(MATERIAL FOR THIS TASK Opens)
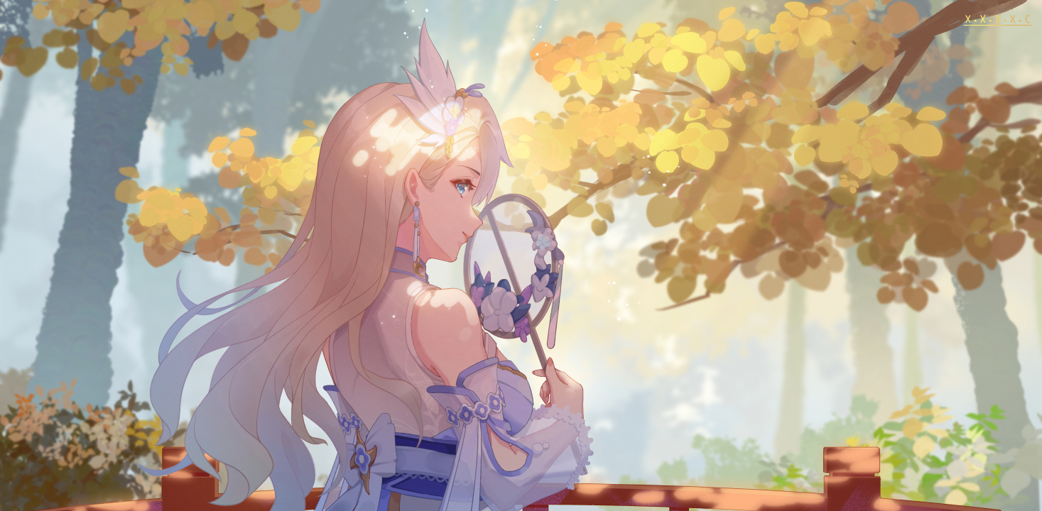 艾琳、蓝眼睛、灵魂、插图、动漫、女孩、树
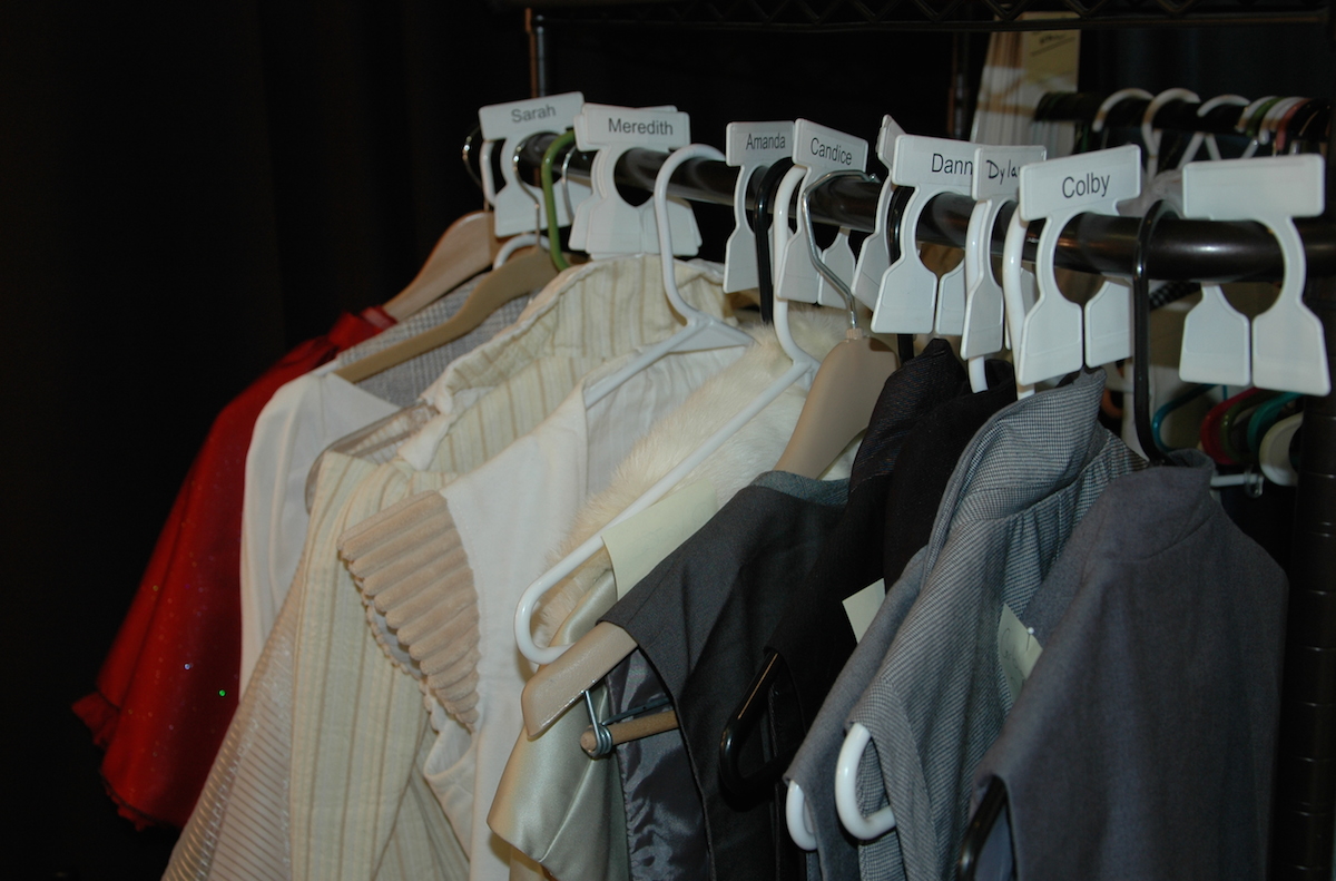 The foundations for 12 dancers’ costumes hang, awaiting adornment. Kras makes all of the costumes herself and has to work on a limited time frame—all the costumes for Winter were sewn, built, and crafted in less than 29 days (normally she has closer to eight weeks)—so she’s discovered so shortcuts and tricks to cut time. For this production, she bought ready-to-wear vests for the male dancers; she’ll tailor and ornament them herself
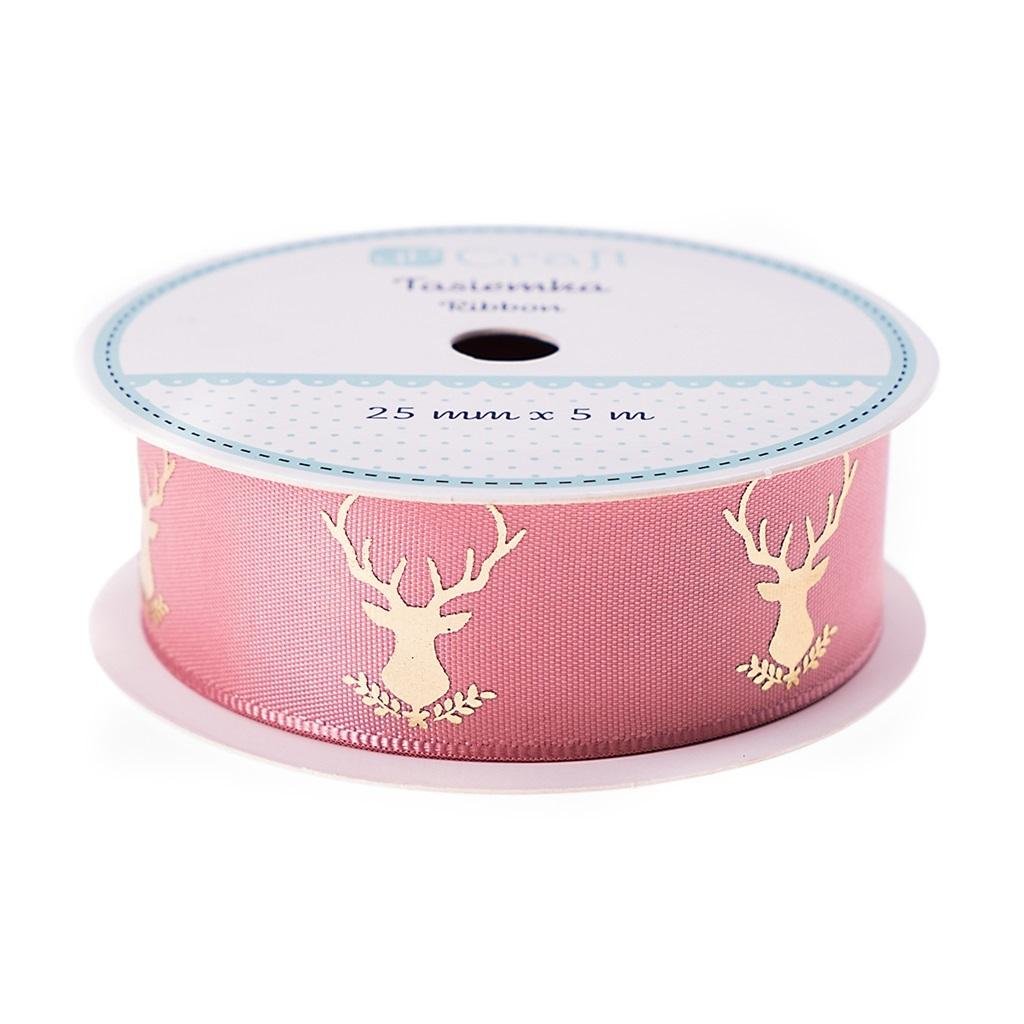 Satynowa tasiemka dekoracyjna w delikatnym różu ze złotym motywem głowy jelenia.
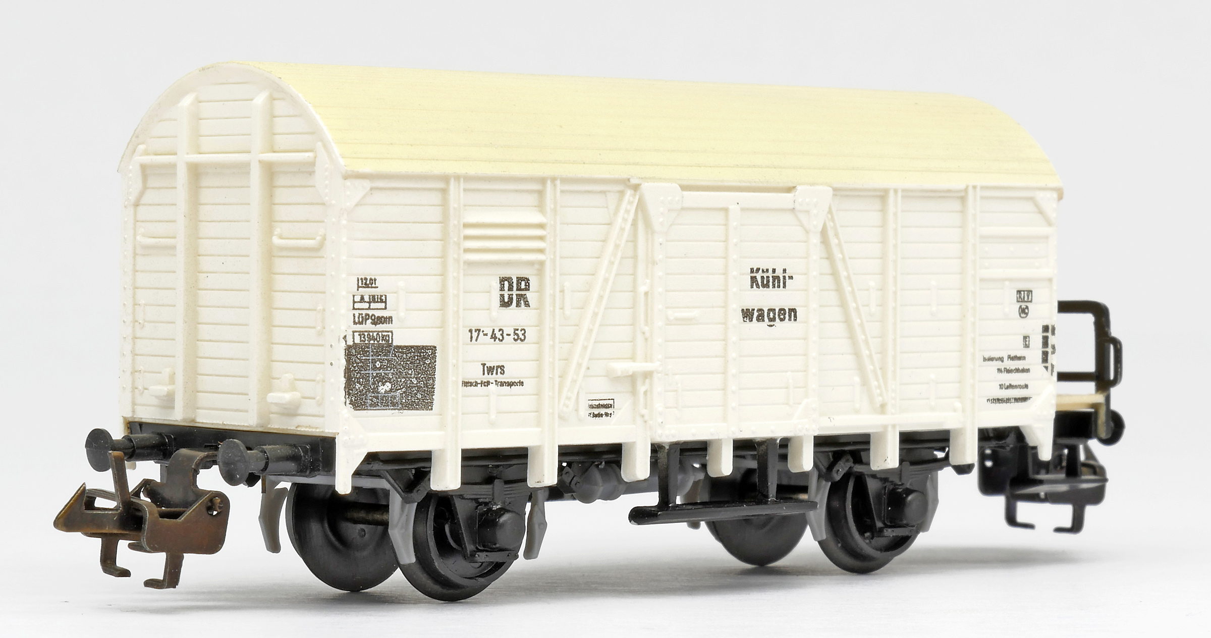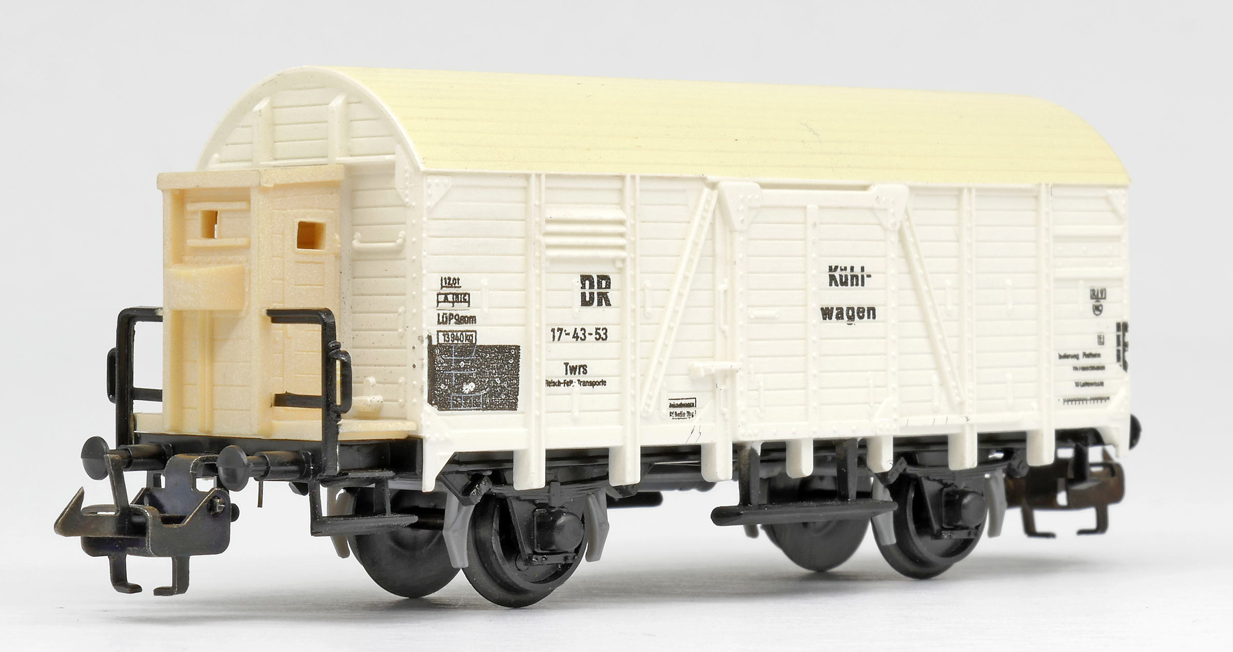 nákladní chladící vůz bílý s krémovou střechou „Kühlwagen“ a s brzdařskou budkou
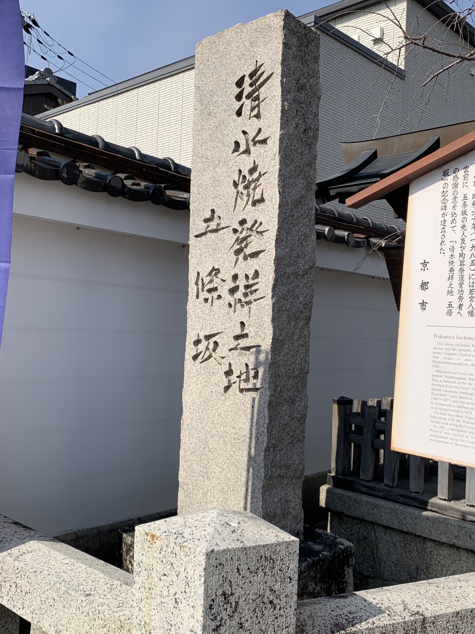 清水焼発祥の地の石碑がありました。陶器神社とも呼ばれ、美人祈願としても有名な神社です。
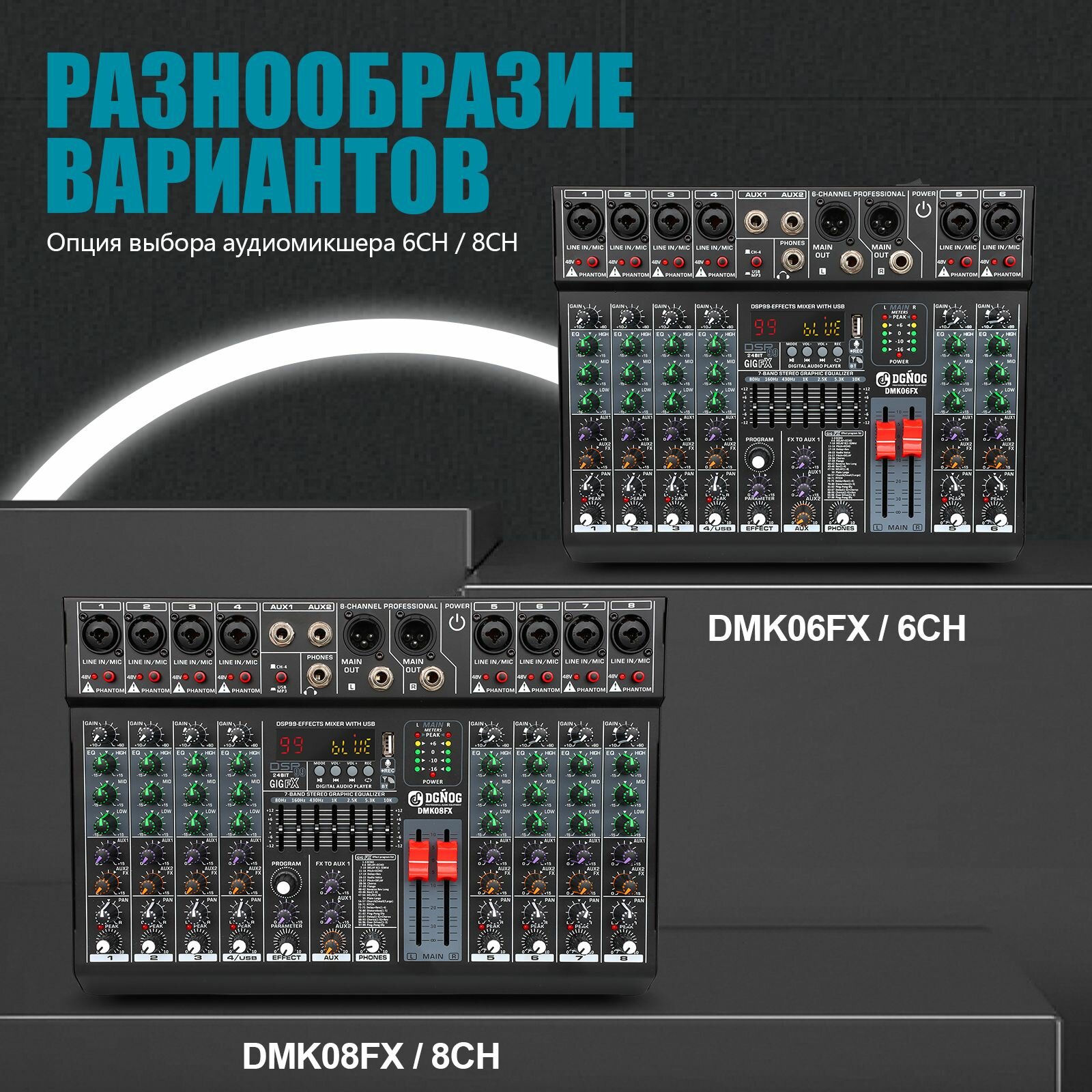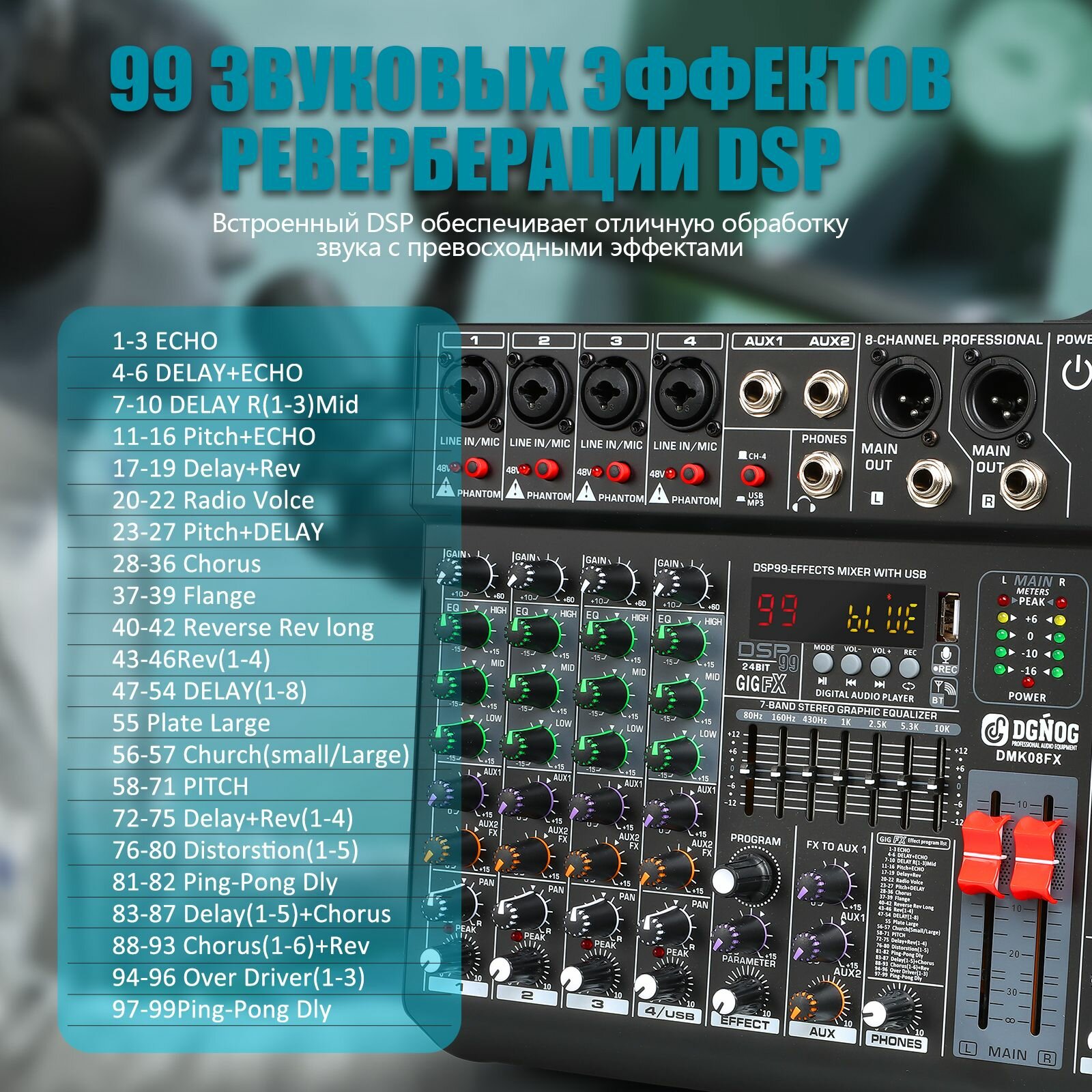 Купить DJ-микшер DGNOG DMK08FX, аналоговый, 8-канальный, черный матовый
(MATERIAL FOR THIS TASK Closes)
Write out, exactly, the lines of the material from the very first through the line containing "The foundations for", and leave out every picture.

 艾琳、蓝眼睛、灵魂、插图、动漫、女孩、树
 The foundations for 12 dancers’ costumes hang, awaiting adornment. Kras makes all of the costumes herself and has to work on a limited time frame—all the costumes for Winter were sewn, built, and crafted in less than 29 days (normally she has closer to eight weeks)—so she’s discovered so shortcuts and tricks to cut time. For this production, she bought ready-to-wear vests for the male dancers; she’ll tailor and ornament them herself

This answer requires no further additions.